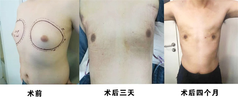 还有一种微创手术——腔镜辅助乳腺皮下腺体切除术。随着技术发展,腔镜微创也在多种疾病治疗中得到长足进步,而腔镜辅助乳腺皮下腺体切除术在男性乳腺发育症的手术治疗中越来越显示出它得天独厚的地位,其术后的平整外观及隐秘微小的手术疤痕可为男乳患者带来更为满意的治疗及美容效果,从真正意义上做到“腔镜男乳,回归男儿本色”!
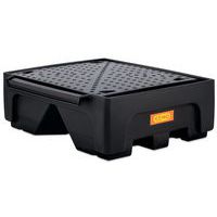 Compacte opvangbak van PE. Opvangbak en rooster van polyethyleen. Met goede chemische bestendigheid. Vorkdoorgang voor heftruck. Zonder rooster, pallets of containers kunnen rechtstreeks op de bak worden geplaatst. De bak is te hanteren als deze leeg en onbeladen is.
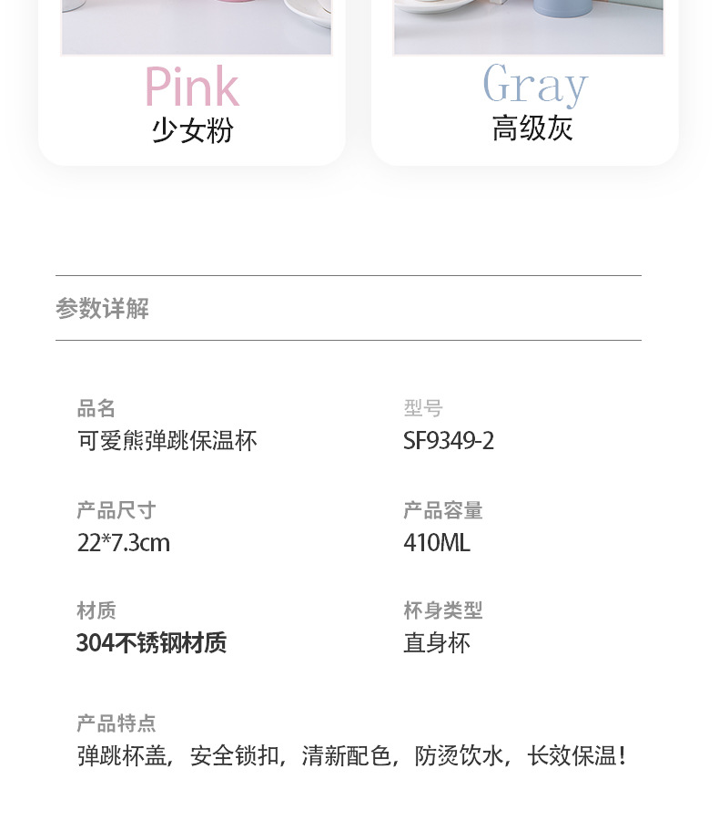 不锈钢迷你豌豆杯双层真空弹跳保温杯 户外便携
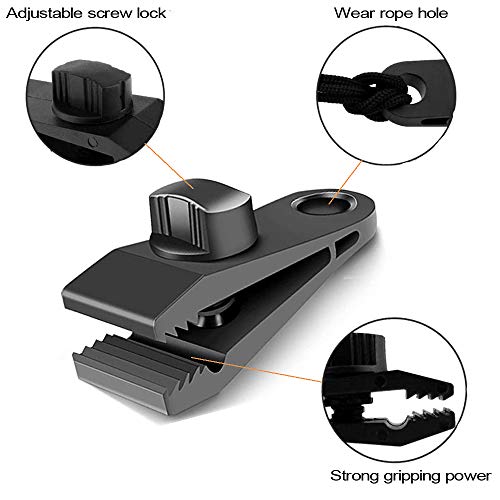 Installazione Semplice: la clip da campeggio può essere facilmente utilizzata semplicemente stringendo o allentando la manopola, fornendo così un eccellente controllo della pressione di serraggio senza danneggiare il tessuto.
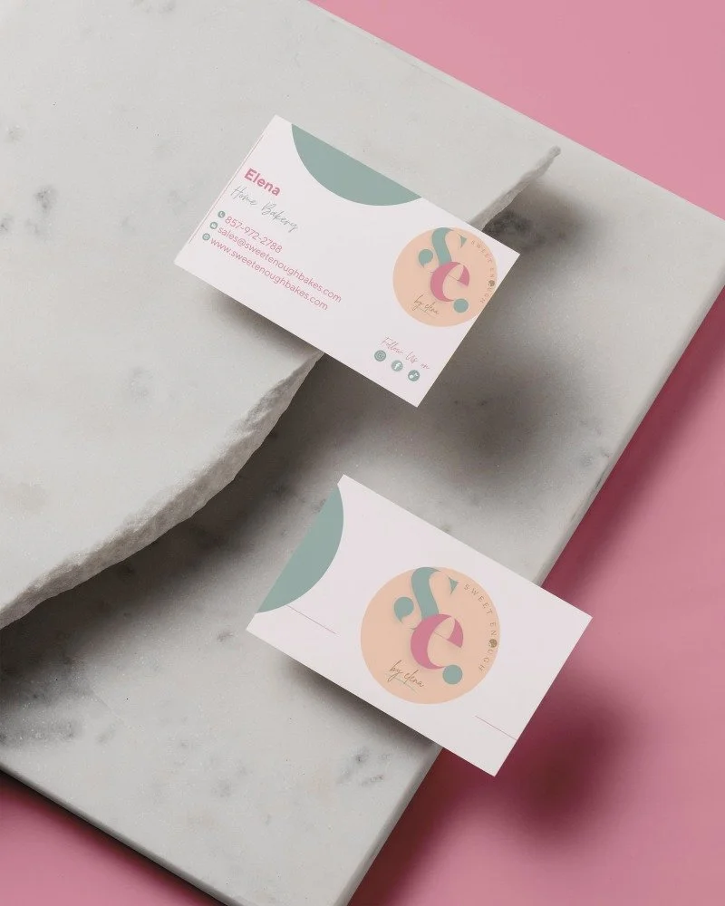 I designed the Sweet Enough Bakes logo, business cards, and visual identity. The brand’s colors, typography, and visuals were chosen to reflect the warmth and care that goes into each product, balancing the homemade feel with a polished, professional design.
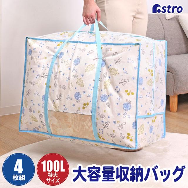 収納ケース 収納袋 収納バッグ 北欧柄 不織布 引越しバッグ 4枚組 100L 布団 衣類 収納 持ち手 透明窓 アストロ 606-05
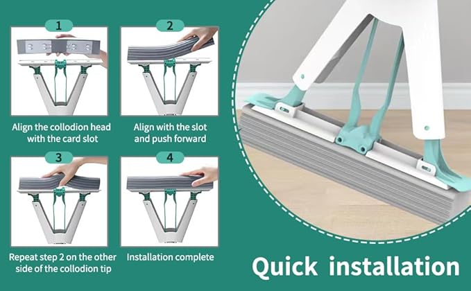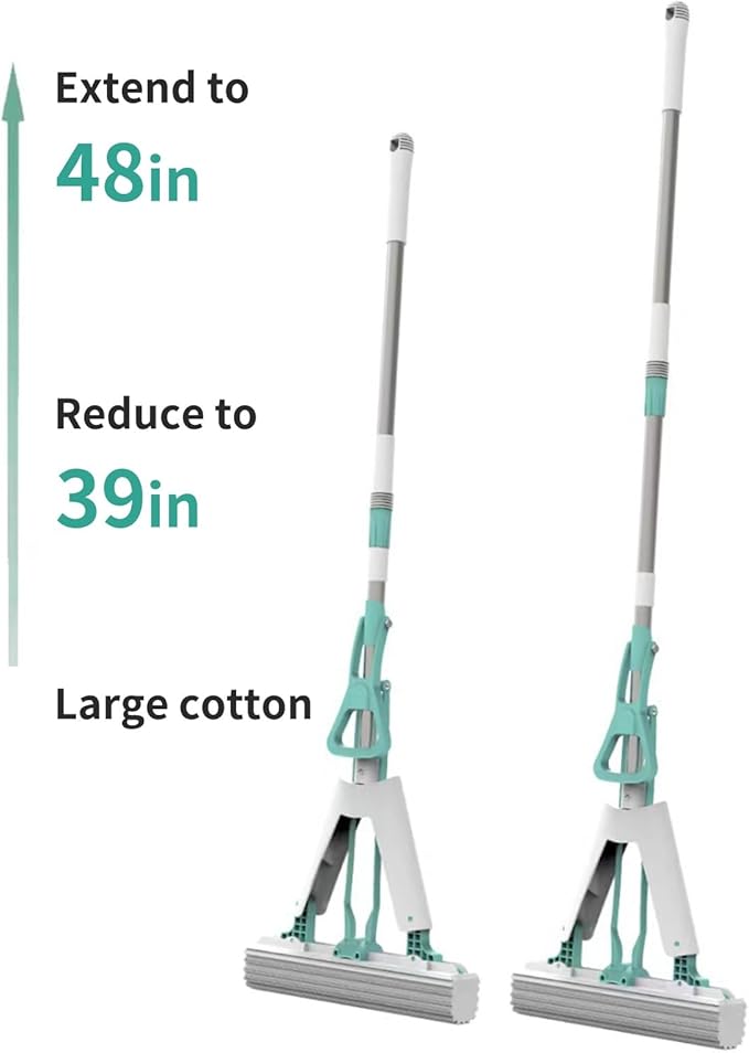 - SUPER ABSORBENT SPONGE HEAD: Made with high-quality sponge material, it absorbs water strongly and cleans stains effortlessly. Suitable for various floor types such as wood, marble, and tiles, ensuring excellent cleaning results.

........

Copy each entry above exactly; drop the pictures.

 还有一种微创手术——腔镜辅助乳腺皮下腺体切除术。随着技术发展,腔镜微创也在多种疾病治疗中得到长足进步,而腔镜辅助乳腺皮下腺体切除术在男性乳腺发育症的手术治疗中越来越显示出它得天独厚的地位,其术后的平整外观及隐秘微小的手术疤痕可为男乳患者带来更为满意的治疗及美容效果,从真正意义上做到“腔镜男乳,回归男儿本色”!
 Compacte opvangbak van PE. Opvangbak en rooster van polyethyleen. Met goede chemische bestendigheid. Vorkdoorgang voor heftruck. Zonder rooster, pallets of containers kunnen rechtstreeks op de bak worden geplaatst. De bak is te hanteren als deze leeg en onbeladen is.
 不锈钢迷你豌豆杯双层真空弹跳保温杯 户外便携
 Installazione Semplice: la clip da campeggio può essere facilmente utilizzata semplicemente stringendo o allentando la manopola, fornendo così un eccellente controllo della pressione di serraggio senza danneggiare il tessuto.
 I designed the Sweet Enough Bakes logo, business cards, and visual identity. The brand’s colors, typography, and visuals were chosen to reflect the warmth and care that goes into each product, balancing the homemade feel with a polished, professional design.
 収納ケース 収納袋 収納バッグ 北欧柄 不織布 引越しバッグ 4枚組 100L 布団 衣類 収納 持ち手 透明窓 アストロ 606-05
 - SUPER ABSORBENT SPONGE HEAD: Made with high-quality sponge material, it absorbs water strongly and cleans stains effortlessly. Suitable for various floor types such as wood, marble, and tiles, ensuring excellent cleaning results.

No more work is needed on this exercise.